Analysts had expected a loss of $ 79 million on revenue of $ 5.7 billion, according to data firm Refinitiv. Imperial lost $ 526 million on revenue of $ 3.7 billion in the second quarter.
Rival Oil Sands Suncor Energy Inc., Cenovus Energy Inc., Husky Energy Inc. and MEG Energy Corp. all reported third-quarter losses earlier this week due to lower oil prices – all but Cenovus also reported lower production.
Like the others, Imperial has focused on reducing costs.
“At the end of March, we pledged to achieve spending cuts totaling $ 1 billion, which included a $ 500 million reduction in capital spending as well as $ 500 million less spending.” , Corson said.
“At the end of the quarter, our production and manufacturing expenses are down $ 813 million from the first nine months of 2019 … and our capital spending is down more than 50%, a savings of 700 millions of dollars.
Capital expenditure revised downwards
Imperial revised its capital spending for 2020 to $ 900 million, down about $ 250 million from the middle of its last forecast update, although Corson said they would likely increase. in next year’s budget.
Production averaged 365,000 barrels of oil equivalent per day in the third quarter, up from 407,000 bpd in the same period of 2019, but down from 347,000 bpd in the second quarter, the company said.
Its Kearl oil sands mine was forced to close for two weeks in September after the Polaris diluent pipeline was taken offline to fix a leak. This has prevented Kearl from receiving the light oil he needs to dilute the heavy bitumen to flow through a pipeline.
Corson said mine production hit a record 313,000 barrels of bitumen per day in the four weeks following the restart and averaged 300,000 bpd in October, well above capacity of 280,000 bpd expected after the addition of additional ore crushers last year.
Potential job cuts in Canada
Alberta’s announcement last week to suspend oil production quotas in December was welcomed by Corson, but he said the province’s retention of the right to roll back quotas in 2021 creates an “overhang of ‘uncertainty’.
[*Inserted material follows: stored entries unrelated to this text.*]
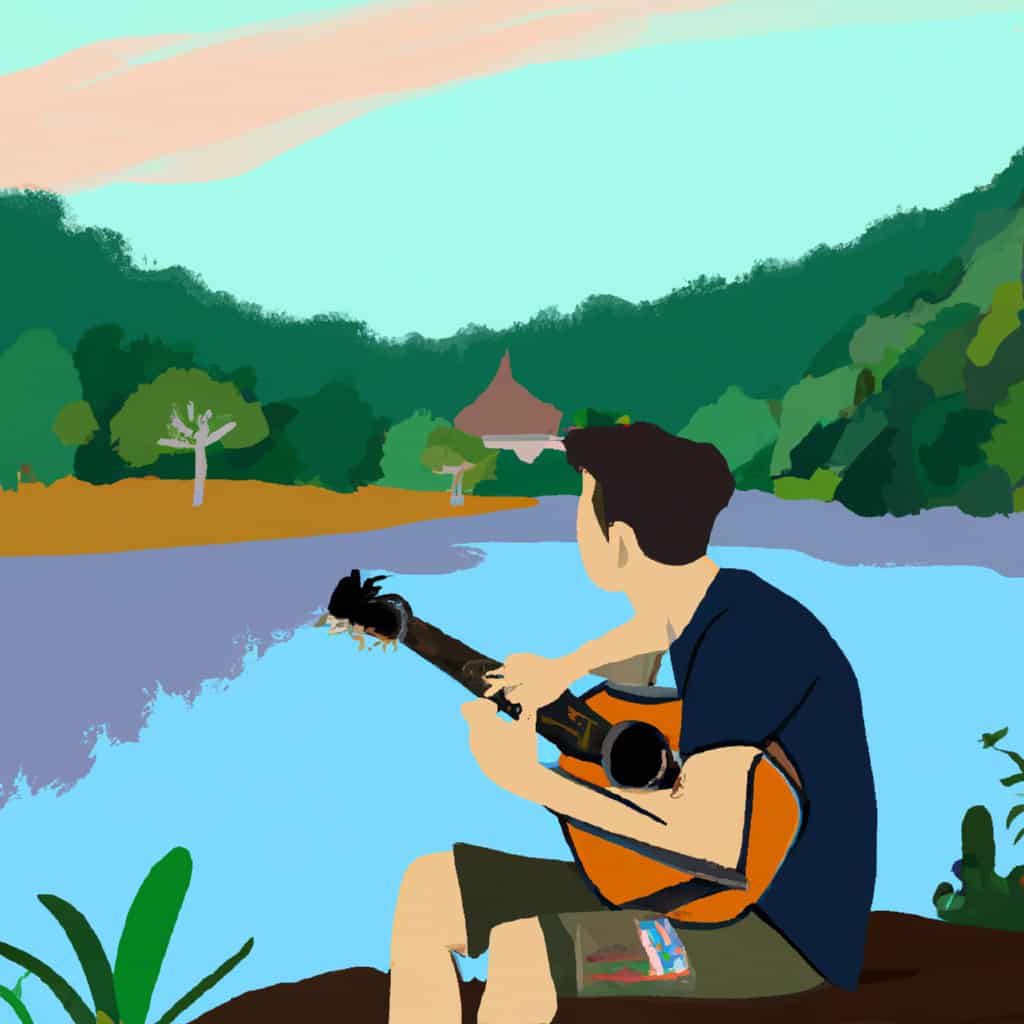 An image showcasing a traveler sitting by a tranquil lake, surrounded by lush greenery, playing a Journey Instruments acoustic guitar
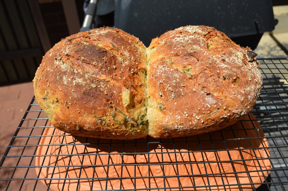 I did divert a bit from the recipee as i chose to make it 50% wholemeal rather than 100%, i also used slightly less flat leaf Parsley as my bunch was under the weight suggested i did include some fresh time from the garden though. It ended up being a rather sticky dough due to the cottage cheese breaking down slowly during the mixing. i think if i was doing it again id mix the wholemeal flour and the cottage cheese together first to assimilate the cheese earlier. I also got to use my Romertoph clay baker for the first time, which was another charity shop find. I was suprised with this loaf as it was carrying high proportions of Cottage Cheese, Flat leaf parsley including the stalks and some sauted onion. I used Compressed yeast for this one. This was a tasty bread that went well dipping into a Malaysian Laksa and excellent on its own with a lashing of butter. I'm sure it would keep well but alas half was gifted and the other half has gone.
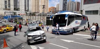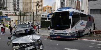 Ônibus desgovernado desce de ré, bate em 5 carros e mata...
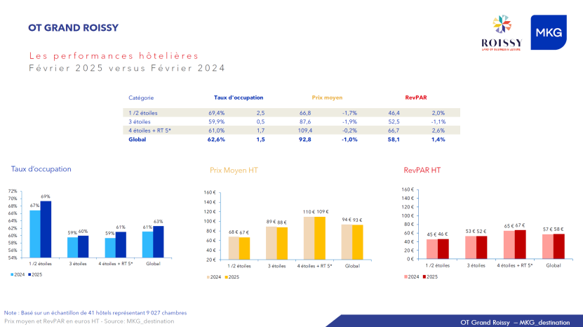 En février 2025, le secteur hôtelier du Grand Roissy continue sa trajectoire de reprise, avec une amélioration mesurée mais constante des principaux indicateurs de performance. Comparativement à février 2023, les données confirment une dynamique de croissance, malgré quelques disparités entre zones géographiques et gammes hôtelières.
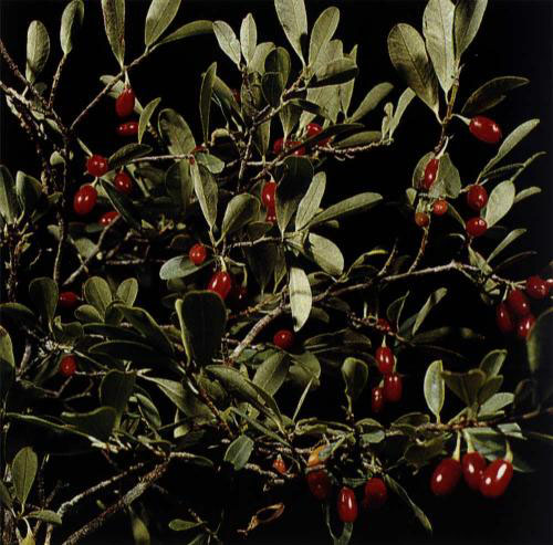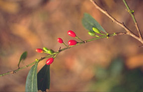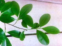 The leaves are lively green, or greenish brown, and clear brown, smooth, slightly glossy, opaque, oval or elliptical, and more or less tapering at the extremities. The leaves are 1.5 to 3 cm wide, and .5 to 11 cm long. A special characteristic of the leaf is an areolate portion bounded by two longitudinal curved lines one on each side of the midrib, and more evident on the under face. The taste is bitter and faintly aromatic. Dried leaves are uncurled, deep green on the upper surface, grey-green on the lower, and have a strong tea-like odour. The flowers are succeeded by red berries. These fruits are drupaceous, oblong, measuring around 1 cm; these produce only one seed (monospermous). The main characteristic of the plant is the perennial renewal of the branches, after cutting, in a geometrical progression.
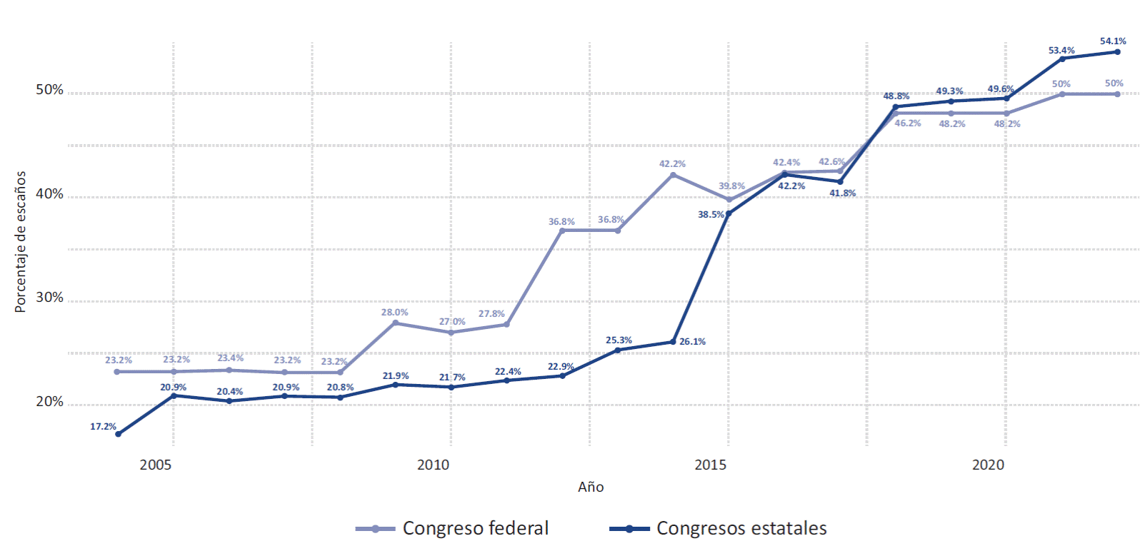 El largo camino hacia las cuotas y, finalmente, la paridad, ha permitido avances sustantivos en la presencia de las mujeres en los Congresos mexicanos (Freidenberg y Garrido de Sierra, 2021). Desde inicios de la década de 1990, México ha perfeccionado su régimen electoral de género mediante reformas legislativas, interpretaciones de autoridades electorales y demandas de organizaciones feministas (Caminotti y Freidenberg, 2016; Freidenberg y Gilas, 2021). El diseño e implementación de las normas han sido esenciales para la inclusión de mujeres en espacios de poder. En casi 20 años, la representación femenina en los Congresos estatales ascendió del 17.21% en 2004 al 54.1% en 2022, y del 23.2% al 50% en el Congreso federal.
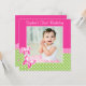Invitation Photo rose d'anniversaire de point de polka de
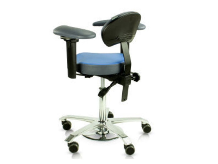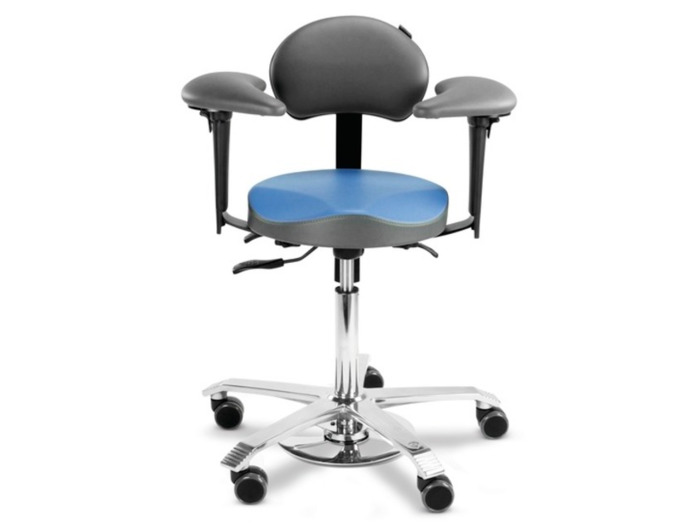 Ergonomická zdravotní stomatologická židle pro práci s mikroskopem. Poskytuje výbornou podporu při dlouhých statických pracovních zákrocích a menší fyzické namáhání. Židlička má jedinečné ergonomicky tvarované područky. Pohodlné otočné loketní opěrky lze umístit blízko vašeho těla a poskytnout tak optimální oporu předloktím. Područky jsou výškově nastavitelné, takže můžete sedět rovně. Můžete zaujmout uvolněnou pracovní polohu vsedě. Krk, ramena a záda jsou uvolněné, pohodlnější sezení zpříma.
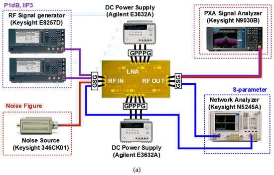 The proposed 26–30 GHz GaN HEMT LNA MMIC that adopts the series inductor-based stability enhancement technique was fabricated using 0.15-μm GaN-on-SiC technology, and its performance was demonstrated from bare-die measurements. Figure 8 shows a die microphotograph of the implemented design, which occupies an active area of 2.61 mm × 1.02 mm (2.66 mm2), including bonding pads. All test measurements were conducted using a single die via on-wafer probing. RF signals were injected externally and measured at the RF input and output ports, respectively, using GSG-type probes, whereas the required gate and drain bias voltages were supplied through GPPPG-type DC probes. The overall insertion loss arising from the cables and probes was measured at the desired frequencies and used to compensate for the measured results. Figure 9 shows the measurement setups for the S-parameter, NF, and linearity performance characterization, focusing on band n257 and band n261 of the 5G NR FR2.
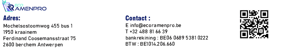 Interesse? Neem snel contact met ons op bij EcoRamenPro voor meer informatie! Of maak nu al een afspraak , voor een eerste kennismaking bij jou thuis, of bij ons, zoals je zelf verkiest
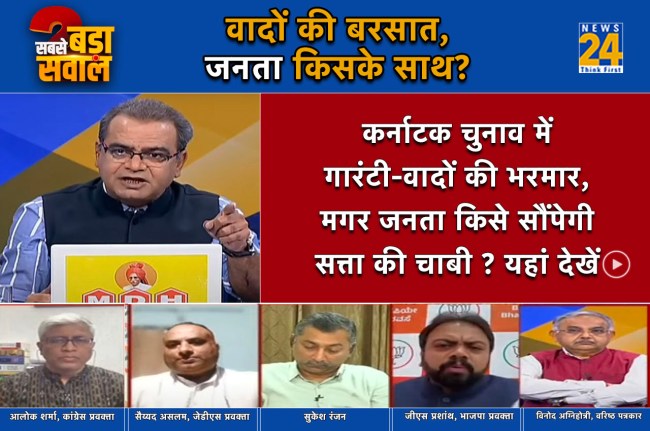 Sabse Bada Sawal, 01 May 2023: नमस्कार, मैं हूं संदीप चौधरी। आज सबसे बड़ा सवाल मैं कर्नाटक की राजधानी बेंगलुरु से कर रहा हूं। यहां जबरदस्त पानी बरस रहा है। अपने को होटल के कमरे तक महदूद पा रहा हूं। कर्नाटक में एक और भी बरसात हो रही है। वह है वादों की बरसात। पिटारा खोला जा रहा है। वोटरों को लुभाने के लिए। सबको कुछ न कुछ देने की कोशिश की जा रही है।
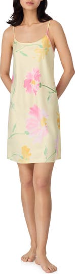 Set the mood for a little R&R in this fluid satin chemise that feels extra romantic in a watercolor floral print.

Imperial Oil shares are 70% owned by U.S. energy giant ExxonMobil, which said Thursday 1,900 U.S. employees will lose their jobs as part of its plan to reduce its workforce. worldwide work of about 15%.
It is also assessing possible job cuts in Canada, but a spokeswoman said Thursday it was “premature” to talk about it, adding that she intended to contact ExxonMobil Canada employees. in the next weeks.
Corson said in the call that Imperial had reduced the number of subcontractors it employed without saying how much or whether full-time staff had been affected by the cost reduction.
Earlier this week, Cenovus and Husky said they would cut up to one in four jobs, potentially more than 2,000 workers, if their merger announced last Sunday is completed as scheduled early next year.
Suncor announced in early October that it will cut up to 1,930 jobs in 18 months to reduce the total workforce by 10 to 15 percent.
Job cuts are also expected at the Canadian operations of Royal Dutch Shell, which announced in September that it would cut between 7,000 and 9,000 jobs globally by the end of 2022 and, to a lesser extent, at BP. , which announced in June that it would cut around 10,000 jobs from its global workforce.